Recientemente se vienen congregando en el mundo opiniones de varios economistas contra el prohibicionismo. Resulta claro que el concepto de “prohibir” es antipático y constituye un pecado capital en el credo liberal. Por otra parte, el término “legalizar” resulta atractivo para un sistema que pretende imponer la idea que donde algo funciona mal, la imposición de un mercado lo va a hacer funcionar mejor. Pero este pensamiento no pasa el test de la realidad y, tratándose de un tema tan delicado, corresponde que se analice desde una perspectiva más amplia y no puramente economicista.
En un arrebato de liberalismo químicamente puro, un destacado economista defendió recientemente, en forma enfervorizada, la legalización de la cocaína
¿Por qué hay que legalizar, con argumentos liberales a ultranza, una sustancia que intoxica a la población, cuando los mismos argumentos no se aplican para desmonopolizar la captación de ahorro, el sistema de pagos y el otorgamiento de créditos?
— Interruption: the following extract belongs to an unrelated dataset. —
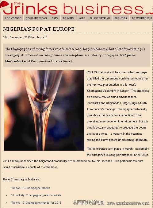 长期以来,香槟被视作经济发展的“晴雨表”,在欧洲的不利经济形势下,香槟的未来市场难言乐观文章来源华夏酒报。而尼日利亚等新兴市场的出现,将推动香槟的市场模式发生转变。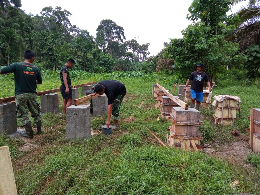 JAMBIPRIMA.COM, TEBO – Anggota Satuan Tugas (Satgas) TNI Manunggal Membangun Desa (TMMD) Ke-123 Kodim 0416/Bute bersama warga Desa Teluk Kuali, Kecamatan Tebo Ulu, Kabupaten Tebo, bahu-membahu memasang gelagar atau tulang lantai kandang kambing, Rabu 26 Februari 2025.

Si vamos a liberar el consumo de cocaína, de paso podemos levantar el monopolio bancario y eliminar el Banco Central.
En realidad esta discusión es estéril. Nuestro país no puede legalizar la cocaína sin que esto forme parte de una política global. Querríamos pensar que la discusión no pasa de un pasatiempo intelectual, y no constituye un intento de contribuir a la banalización de una droga que degrada a la sociedad, especialmente a la juventud que por naturaleza es más indefensa.